(Task goal) All entries are to be copied exactly, with pictures removed.

--- Supplied material Enclosed Below ---

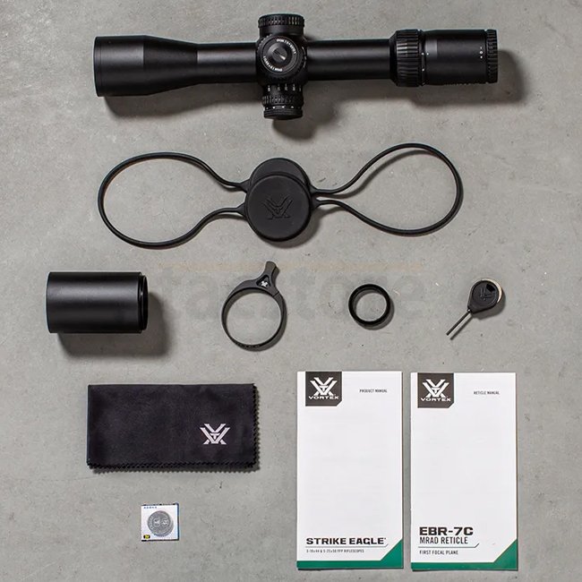 Vortex Optics Strike Eagle 3-18x44 FFP Zielfernrohr ist ein hochwertiges Zielfernrohr mit 3-18-facher Vergrößerung und einer 44mm Objektivlinse. Es verfügt über einen freiliegenden Höhen- und einen abgedeckten Seitenwind-Turmstil, 1/4 MOA Verstellgrad und
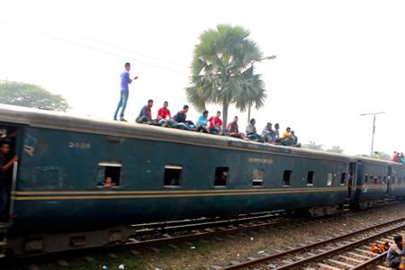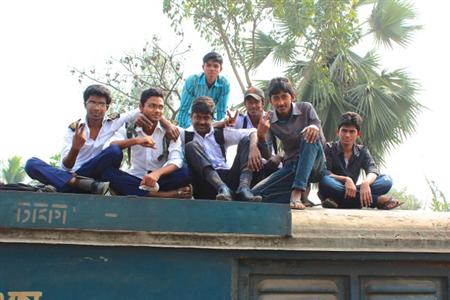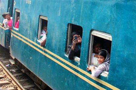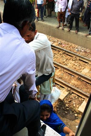 ダッカ・コムラプール駅(ダッカ中央駅)。線路に降りて車両を撮影していると、乗るつもりの列車が、車輪をきしませながらゆっくり動き始めるではないか。
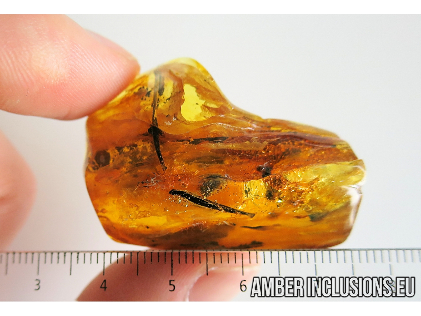 Baltic amber stone with fossil inclusions, trapped 34-56 million years ago - Nice Bud and Two Leaves.
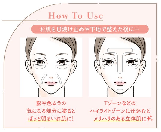 顔の凹凸影をカバーしてお肌をぱっと明るくし、メリハリのある立体肌に仕上がるホワイト。あえて肌色を拾う透け感のあるホワイトに調整することで、白浮きすることなく、お肌にすっと溶け込みます。
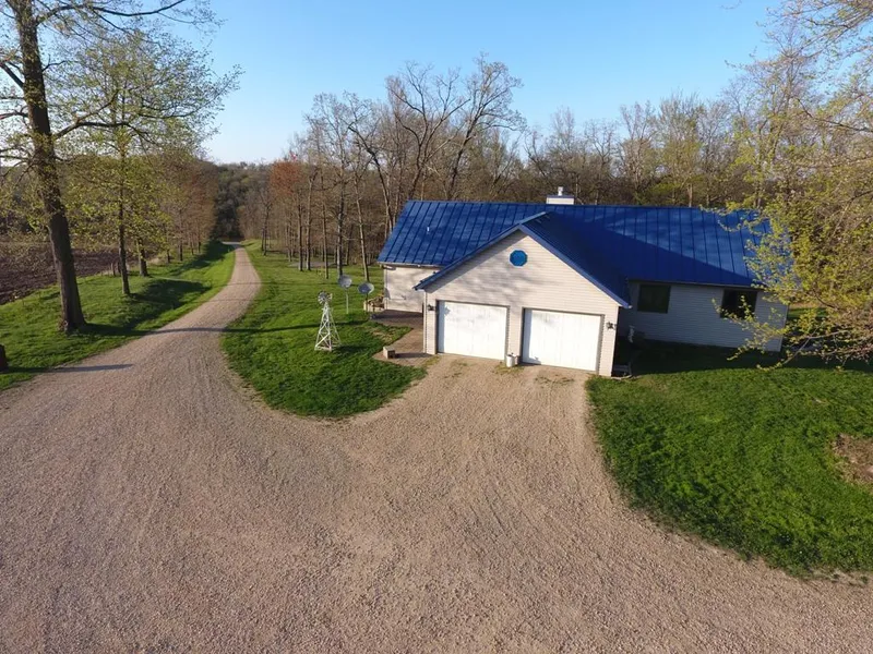 Country home on 26.5+/- wooded acres features a metal roof, cathedral ceilings, a fireplace and a large deck. The main floor master suite is privately located away from the other 3 bedrooms and a second full bath. Currently, one of the bedrooms is configured as a laundry room. The lower level of the home is exposed with a walkout to the yard. The 5th bedroom, a half bath, a large family room, laundry room and a bonus room are on this level. An outdoor wood furnace lowers the heating bill. Outbuildings include a detached garage with upstairs storage, a car port, and several small buildings. *septic is sized for 3 bedroom house
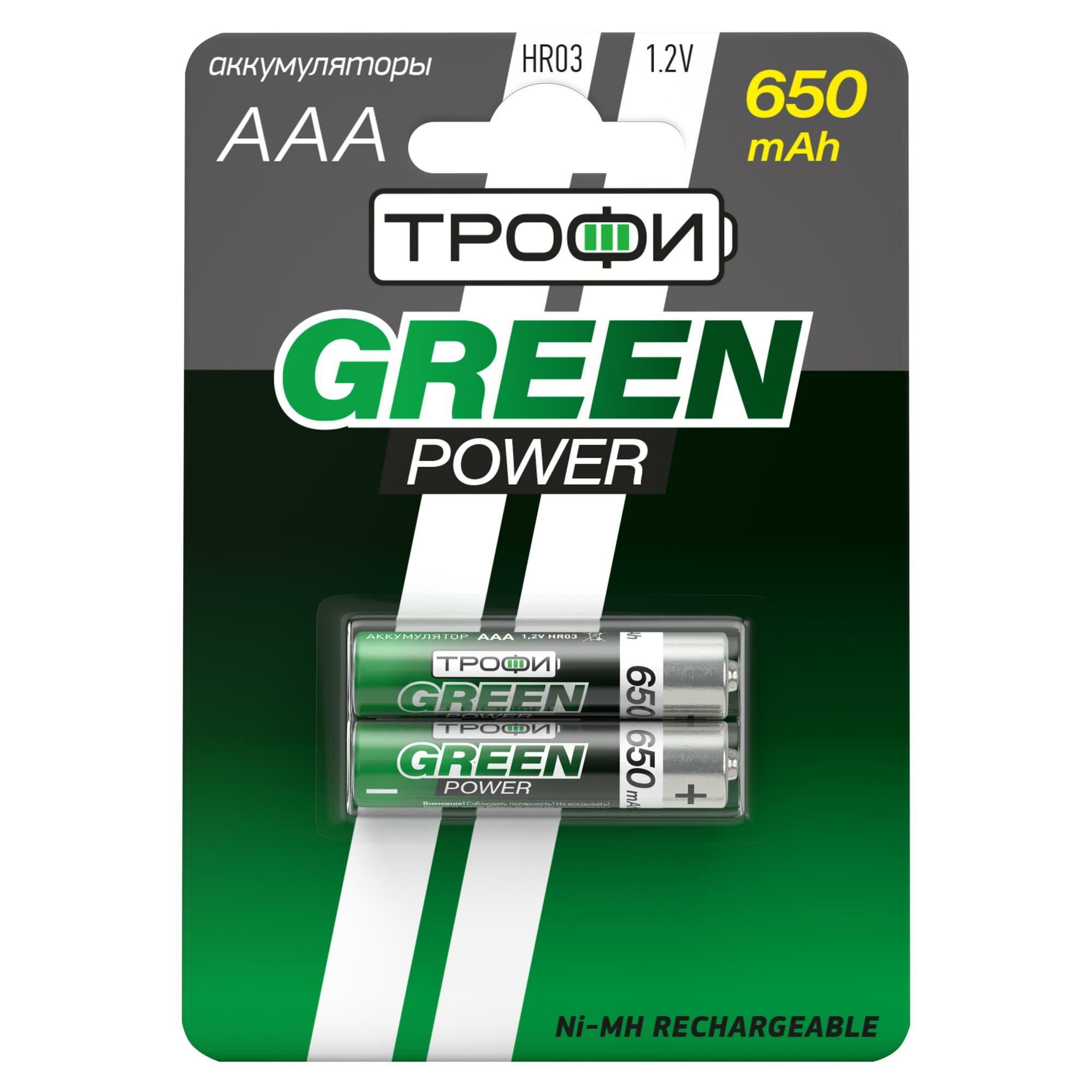 Аккумуляторы NiMH (никель-металлгидридные) Трофи HR03-2BL 650 mAh GREEN POWER (20/240/17280) информация:
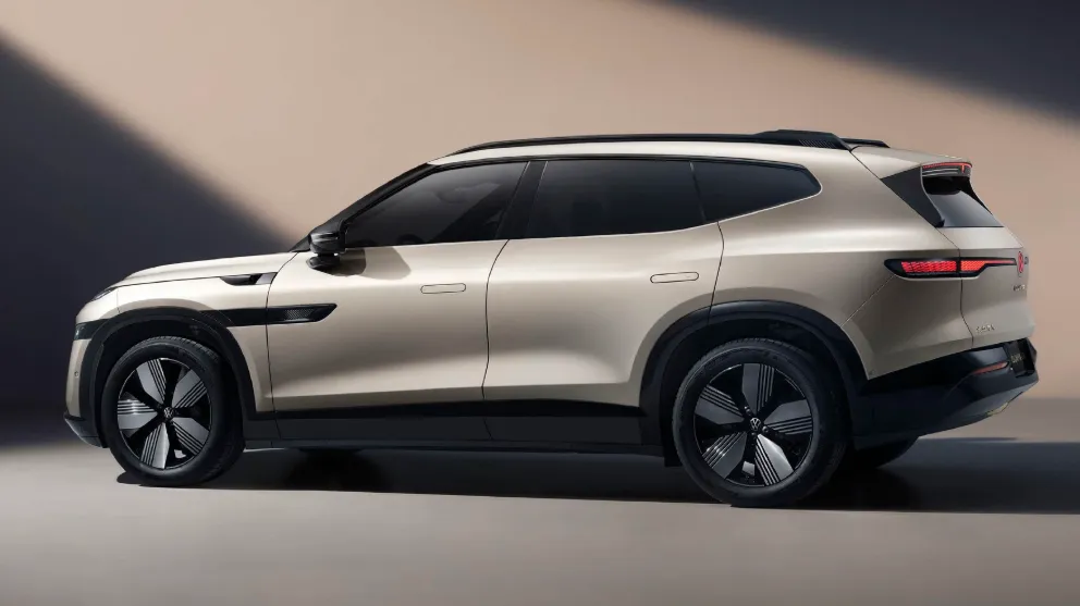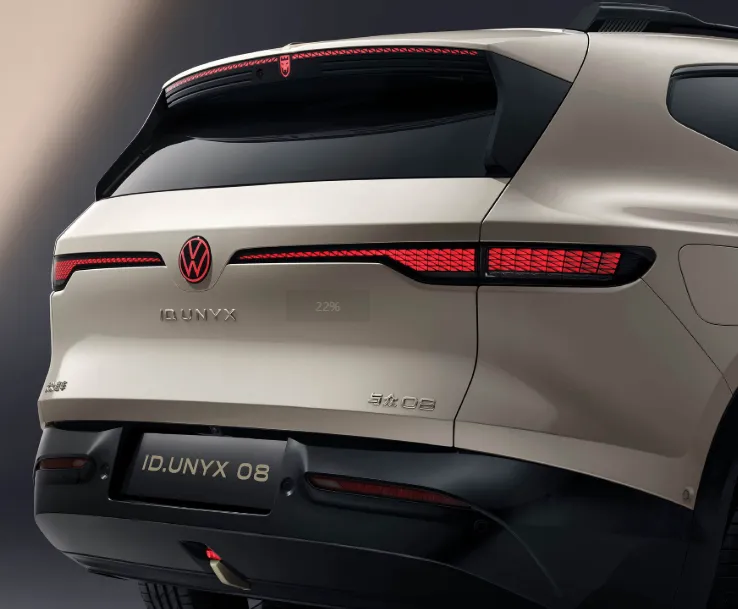 从侧面来看,这款大众与众08匹配了金色的轮毂,也采用了隐藏式电动门把手设计。尾部则是数码样式的尾灯,以及数码造型的贯穿式刹车灯,尾部Logo同样也是可以点亮的。这款大众与众08的定位是一款中大型SUV,车长达到了5米,而轴距更是长达3030mm。

--- End of Enclosed Supplied material ---

(Problem solution)
 Vortex Optics Strike Eagle 3-18x44 FFP Zielfernrohr ist ein hochwertiges Zielfernrohr mit 3-18-facher Vergrößerung und einer 44mm Objektivlinse. Es verfügt über einen freiliegenden Höhen- und einen abgedeckten Seitenwind-Turmstil, 1/4 MOA Verstellgrad und
 ダッカ・コムラプール駅(ダッカ中央駅)。線路に降りて車両を撮影していると、乗るつもりの列車が、車輪をきしませながらゆっくり動き始めるではないか。
 Baltic amber stone with fossil inclusions, trapped 34-56 million years ago - Nice Bud and Two Leaves.
 顔の凹凸影をカバーしてお肌をぱっと明るくし、メリハリのある立体肌に仕上がるホワイト。あえて肌色を拾う透け感のあるホワイトに調整することで、白浮きすることなく、お肌にすっと溶け込みます。
 Country home on 26.5+/- wooded acres features a metal roof, cathedral ceilings, a fireplace and a large deck. The main floor master suite is privately located away from the other 3 bedrooms and a second full bath. Currently, one of the bedrooms is configured as a laundry room. The lower level of the home is exposed with a walkout to the yard. The 5th bedroom, a half bath, a large family room, laundry room and a bonus room are on this level. An outdoor wood furnace lowers the heating bill. Outbuildings include a detached garage with upstairs storage, a car port, and several small buildings. *septic is sized for 3 bedroom house
 Аккумуляторы NiMH (никель-металлгидридные) Трофи HR03-2BL 650 mAh GREEN POWER (20/240/17280) информация:
 从侧面来看,这款大众与众08匹配了金色的轮毂,也采用了隐藏式电动门把手设计。尾部则是数码样式的尾灯,以及数码造型的贯穿式刹车灯,尾部Logo同样也是可以点亮的。这款大众与众08的定位是一款中大型SUV,车长达到了5米,而轴距更是长达3030mm。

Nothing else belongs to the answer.